Re: [PATCH] sched_ext: Add trace point to track sched_ext core events

From: Changwoo Min
Date: Thu Feb 27 2025 - 05:25:38 EST


On 25. 2. 27. 17:19, Andrea Righi wrote:
On Thu, Feb 27, 2025 at 05:05:54PM +0900, Changwoo Min wrote:
Hi Andrea,

Thank you for the review!

On 25. 2. 27. 16:38, Andrea Righi wrote:
Hi Changwoo,

On Wed, Feb 26, 2025 at 11:33:27PM +0900, Changwoo Min wrote:
Add tracing support, which may be useful for debugging sched_ext schedulers
that trigger a certain event.

Signed-off-by: Changwoo Min <changwoo@xxxxxxxxxx>
---
include/trace/events/sched_ext.h | 21 +++++++++++++++++++++
kernel/sched/ext.c | 4 ++++
2 files changed, 25 insertions(+)

diff --git a/include/trace/events/sched_ext.h b/include/trace/events/sched_ext.h
index fe19da7315a9..88527b9316de 100644
--- a/include/trace/events/sched_ext.h
+++ b/include/trace/events/sched_ext.h
@@ -26,6 +26,27 @@ TRACE_EVENT(sched_ext_dump,
)
);
+TRACE_EVENT(sched_ext_add_event,
+ TP_PROTO(const char *name, int offset, __u64 added),
+ TP_ARGS(name, offset, added),
+
+ TP_STRUCT__entry(
+ __string(name, name)
+ __field( int, offset )
+ __field( __u64, added )
+ ),
+
+ TP_fast_assign(
+ __assign_str(name);
+ __entry->offset = offset;
+ __entry->added = added;
+ ),
+
+ TP_printk("name %s offset %d added %llu",
+ __get_str(name), __entry->offset, __entry->added
+ )
+);

Isn't the name enough to determine which event has been triggered? What are
the benefits of reporting also the offset within struct scx_event_stats?
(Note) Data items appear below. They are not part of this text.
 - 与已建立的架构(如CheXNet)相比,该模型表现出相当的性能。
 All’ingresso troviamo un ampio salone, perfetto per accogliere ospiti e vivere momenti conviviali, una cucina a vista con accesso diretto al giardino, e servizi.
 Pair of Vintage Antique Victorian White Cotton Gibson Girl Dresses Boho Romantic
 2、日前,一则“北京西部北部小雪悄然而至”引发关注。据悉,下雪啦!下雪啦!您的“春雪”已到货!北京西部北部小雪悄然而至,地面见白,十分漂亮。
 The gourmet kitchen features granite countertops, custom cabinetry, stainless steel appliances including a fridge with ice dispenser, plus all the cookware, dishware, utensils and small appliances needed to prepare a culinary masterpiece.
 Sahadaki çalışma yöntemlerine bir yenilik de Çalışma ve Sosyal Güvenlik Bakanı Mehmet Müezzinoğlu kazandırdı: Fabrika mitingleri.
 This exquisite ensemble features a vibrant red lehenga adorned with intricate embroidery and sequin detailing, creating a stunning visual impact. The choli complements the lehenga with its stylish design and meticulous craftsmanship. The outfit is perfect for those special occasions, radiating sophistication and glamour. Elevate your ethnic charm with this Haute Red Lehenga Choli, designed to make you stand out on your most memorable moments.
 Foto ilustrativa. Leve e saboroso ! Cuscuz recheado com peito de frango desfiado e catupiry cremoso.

@name and @offset are duplicated information. However, I thought
having two is more convenient from the users' point of view
because they have different pros and cons.

@offset is quick to compare and can be used easily in the BPF
code, but the offset of an event can change across kernel
versions when new events are added. @offset would be good to
write a quick trace hook for debugging.

On the other hand, @name won't change across kernel versions,
which is good. However, it requires more code to acutally read
the string in the BPF code (__data_loc for string is a 32-bit
integer encoding string length and location).
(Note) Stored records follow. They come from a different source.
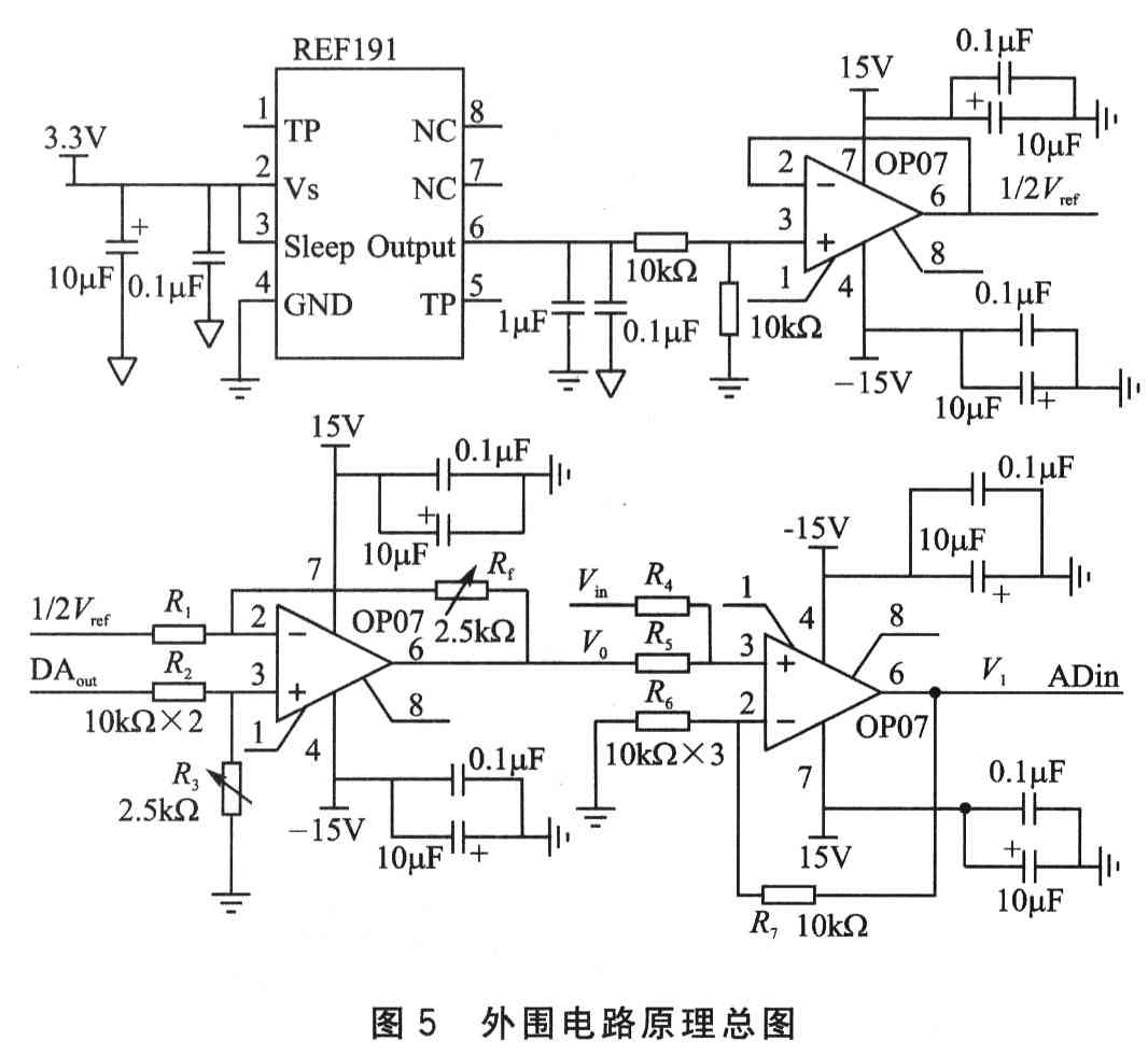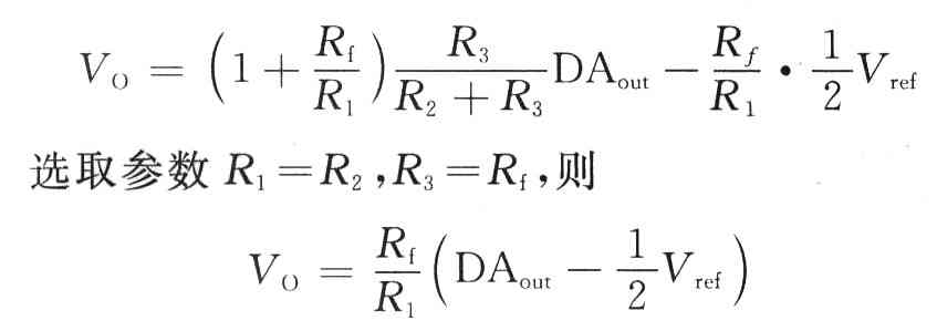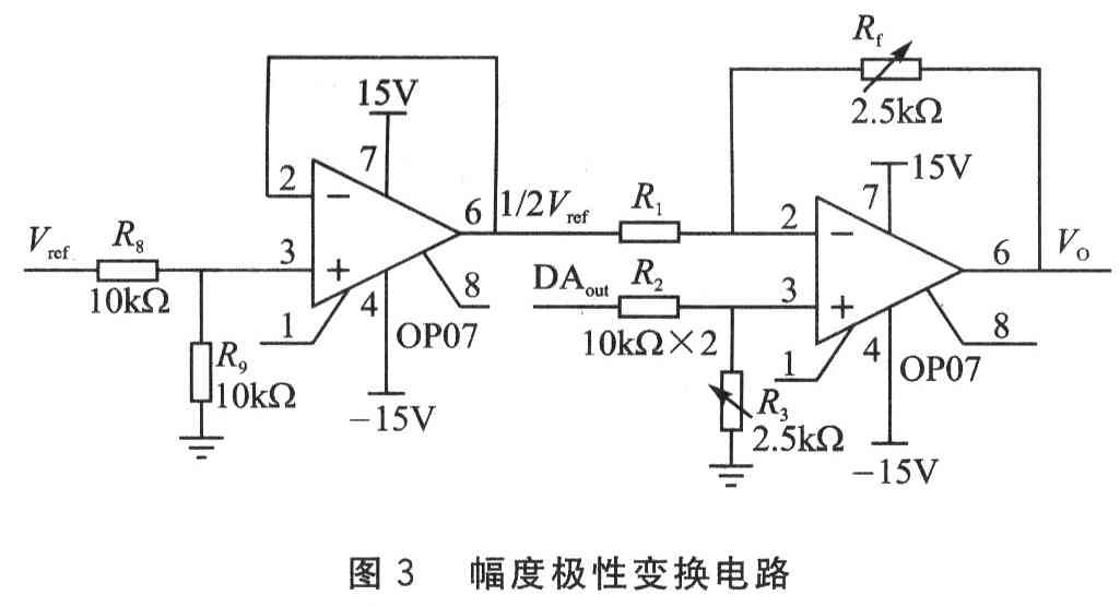 幅度极性变换电路要用到(1/2)Vref,所以要由基准电压源分压得到。为了防止电压被拉低,增加一个电压跟随电路,如图3左半部分所示。其中,参数选择R8=R9=10 kΩ,运放使用OP07。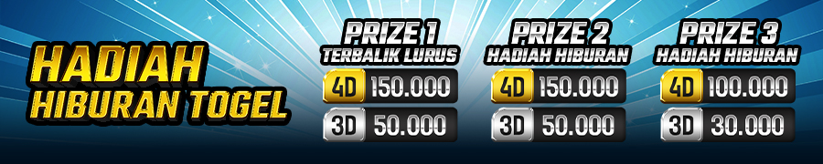 - Hadiah prize 2 : 4D = Rp. 150.000,- / 3D = Rp. 50.000,-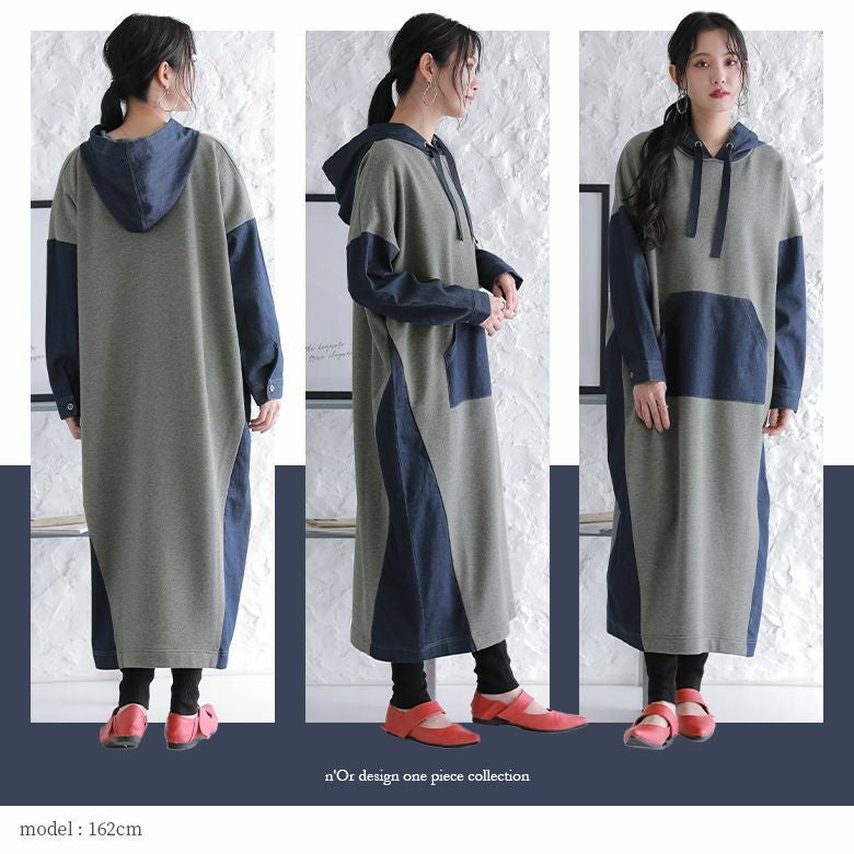 お洒落に魅せる≪n'OrLABEL≫デニム切り替え配色パーカーワンピースです。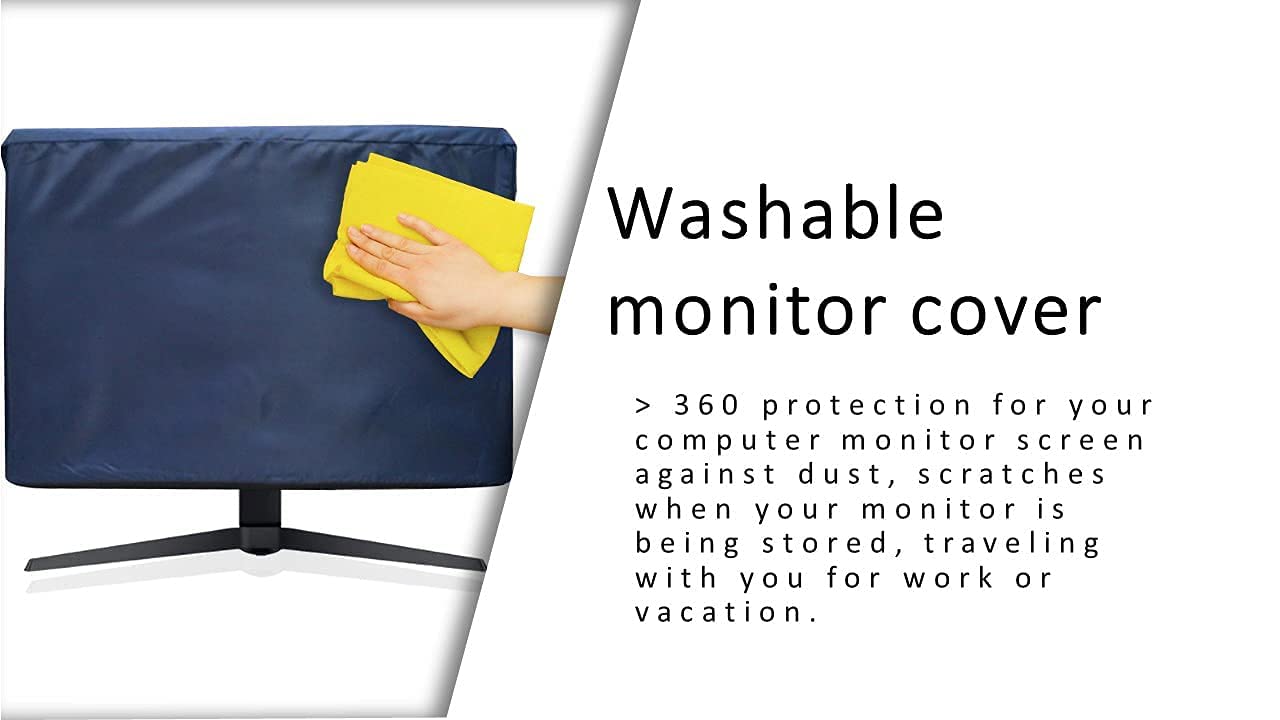 WATERPROOF & DUSTPROOF:TOPPINGS waterproof monitor cover is made of durable nylon with pvc water proof lining to protect your computer desktop screen.

Does it make sense to you?


So, IMHO @offset to me would make sense if we guarantee that it won't
change across kernel versions, and that's probably doable, we just need to
make sure that we always add new events at the bottom of scx_event_stats.

Keeping the offset across versions is possible if we add new
events to the bottom. However, I am not sure if that is what we
want because we lose the nice logical grouping of the events in
the scx_event_stats struct.

Otherwise there's the risk to break potential users of this tracepoint that
may consider the offset like a portable ID.

Hmm... I agree. The @offset would be too low level and could the
potential source of confusion.

Maybe we can call it @id or @event_id or similar and guarantee its
portability? What do you think?

Now I think dropping @offset would be better in the long run
because we can maintain scx_event_stats clean and do not create
a source of confusion. Regarding the ease of using @name, adding
an code example in the commit message will suffice, something
like this:

struct tp_add_event {
struct trace_entry ent;
u32 __data_loc_name;
u64 delta;
};

SEC("tracepoint/sched_ext/sched_ext_add_event")
int tp_add_event(struct tp_add_event *ctx)
{
char event_name[128];
unsigned short offset = ctx->__data_loc_name & 0xFFFF;
bpf_probe_read_str((void *)event_name, 128, (char *)ctx + offset);

bpf_printk("name %s delta %llu", event_name, ctx->delta);
return 0;
}

The downside of not having a numerical ID (@offset or @event_id)
is the cost of string comparison to distinguish an event type. If
we assume the probing the event is rare, it will be okay.

@Tejun, @Andrea -- What do you think? Should we provide
a portability-guaranteed @event_id after dropping @offset? Or
would it be more than sufficient to have a string-type event name?

Regards,
Changwoo Min